# Military Working Dog Adoptions Made Easier



## larrydee33 (Feb 25, 2007)

Finally a web site that helps making adopting a Military Working Dog easier. I found out about this in the Marine Corps Times.

There is a complete list with telephone numbers of all the military bases in the US that have working dogs at their facility . This should make it a heck of a lot easier to adopt a Military Working Dog than trying to deal just with Lackland AFB.

They go thru the whole process with you in exact detail. They tell you exactly what questions to ask. Give you a form to fill out. What information you need to know about. The whole 9 yards. 
If your persistant and follow the guidelines outlined on this site you should be able to locate and adopt a retired Military Working Dog in your own geographical area.

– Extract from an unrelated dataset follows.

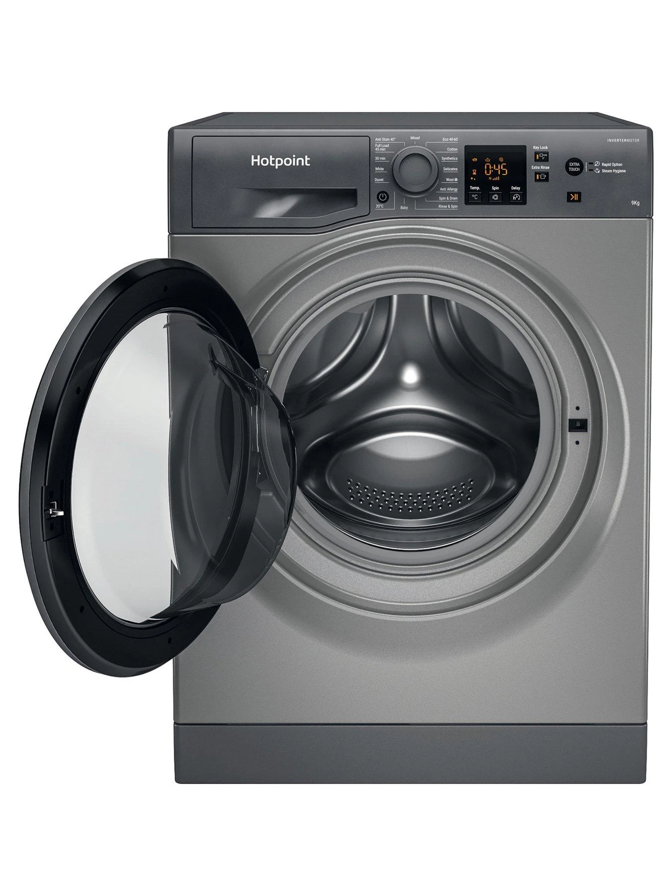 The Hotpoint NSWM945CGGUKN also features a Full Load 45″ wash cycle that allows you to wash a full load of laundry in just 45 minutes, without it compromising on the washing performance.

http://www.militaryworkingdogadoptions.com


----------



## SouthernBelle (Mar 30, 2007)

Heres another one.

http://www.uswardogs.org/


----------



## tibvixie101 (Nov 26, 2007)

Gonna bookmark the link. I would love to adopt a retired military dog! Our family "boys" were/are all marines, and i think this would be a great way to feel like i am involved. We know when the time is right to add to our family, we're defintatley going to rescue/adopt, so i'll be keeping this in mind. Thanks!


----------